Keb Gabrielle, Fields Kenneth A
Department of Microbiology, Immunology, and Molecular Genetics, University of Kentucky.
Department of Microbiology, Immunology, and Molecular Genetics, University of Kentucky;
J Vis Exp. 2020 Jan 30(155). doi: 10.3791/60848.
Chlamydia trachomatis is an obligate intracellular pathogen that has been historically difficult to genetically manipulate. Definitive progress in elucidating the mechanisms that C. trachomatis use to create and maintain a privileged intracellular niche has been limited due to a lack of genetic tools. Fortunately, there have recently been several new advances in genetic manipulation techniques. Among these is the development of fluorescence-reported allelic exchange mutagenesis (FRAEM). This method allows targeted gene deletion coupled with insertion of a selection cassette encoding antibiotic resistance and green fluorescent protein (GFP). Reliance on this strategy can be complicated when targeting genes within polycistronic operons due to the potential of polar effects on downstream genes. Floxed cassette allelic exchange mutagenesis (FLAEM), the protocol for which is described here, was developed to alleviate cassette-induced polar effects. FLAEM utilizes Cre-loxP genome editing to remove the selection cassette after targeted deletion by allelic exchange. The resulting strains contain markerless gene deletions of one or more coding sequences. This technique facilitates direct assessment of gene function and expands the repertoire of tools for genetic manipulation in C. trachomatis.

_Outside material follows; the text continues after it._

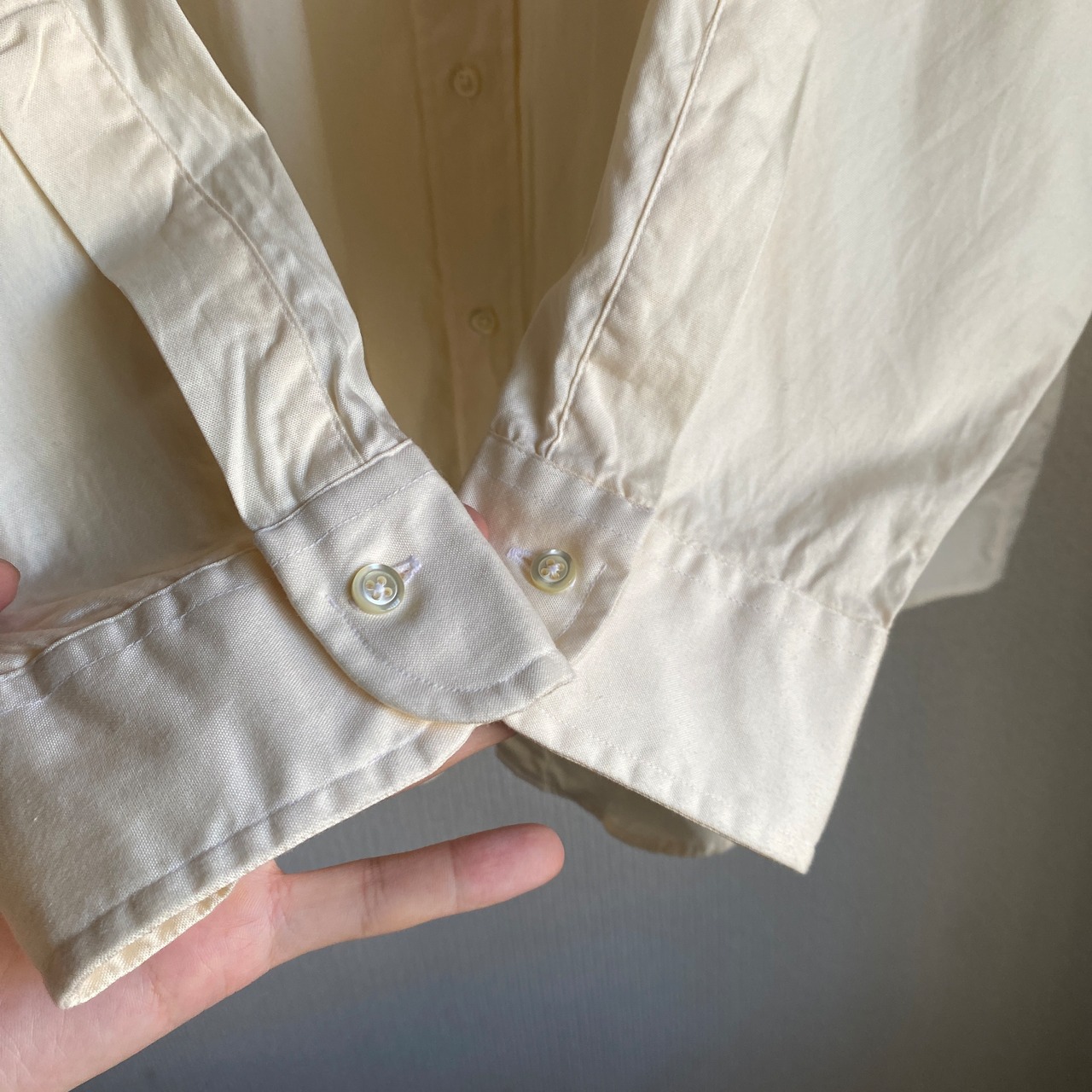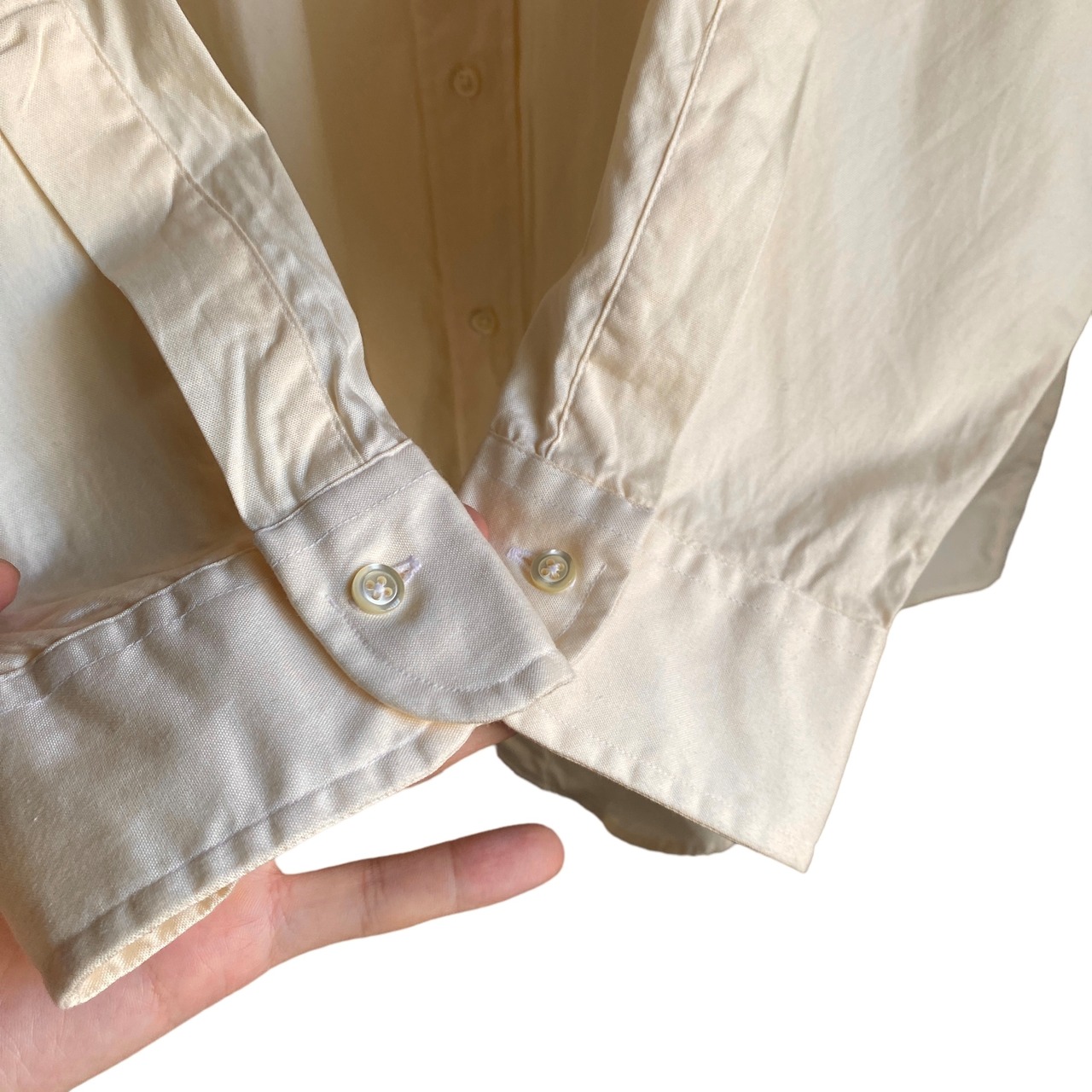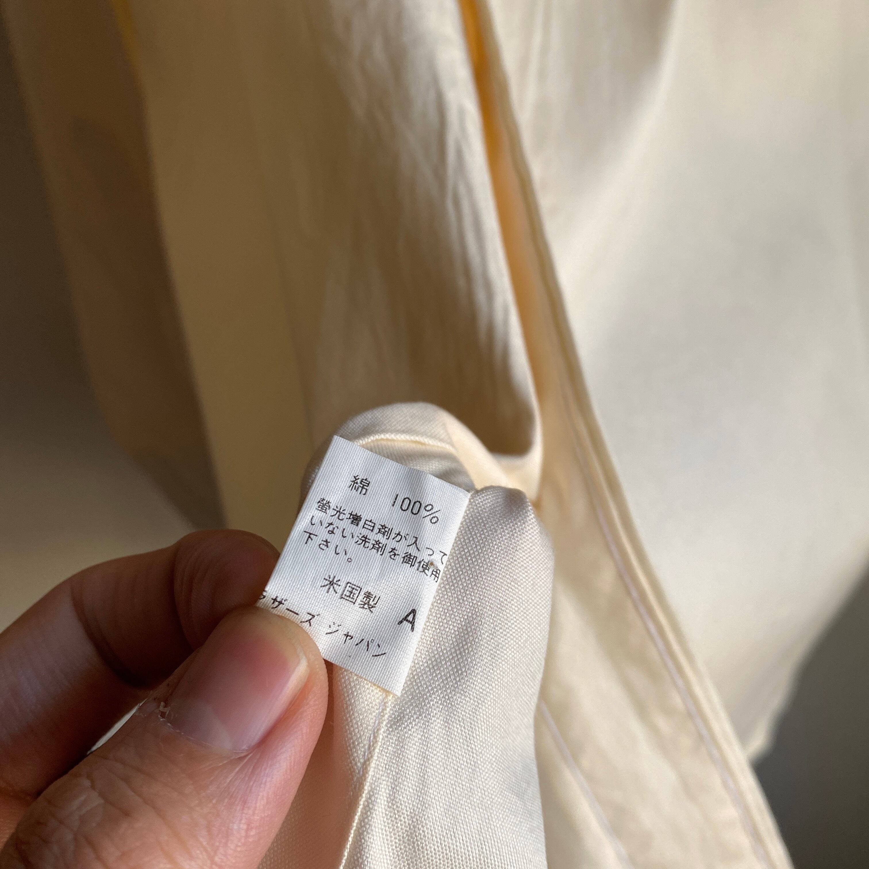コットン100の上質なピンオックスフォード生地に、淡いイエローの色目が上品で非常に格好良い一着。

沙眼衣原体是一种专性胞内病原体,在历史上一直难以进行基因操作。由于缺乏遗传工具,在阐明沙眼衣原体用于创建和维持特殊胞内生态位的机制方面,确切的进展有限。幸运的是,最近基因操作技术有了一些新进展。其中包括荧光报告等位基因交换诱变(FRAEM)的发展。这种方法允许进行靶向基因缺失,并插入一个编码抗生素抗性和绿色荧光蛋白(GFP)的选择盒。当靶向多顺反子操纵子内的基因时,由于可能对下游基因产生极性效应,依赖这种策略可能会变得复杂。本文描述了一种无抗性盒等位基因交换诱变(FLAEM)方法,其开发目的是减轻盒诱导的极性效应。FLAEM利用Cre-loxP基因组编辑在通过等位基因交换进行靶向缺失后去除选择盒。所得菌株包含一个或多个编码序列的无标记基因缺失。这项技术有助于直接评估基因功能,并扩展了沙眼衣原体基因操作工具的种类。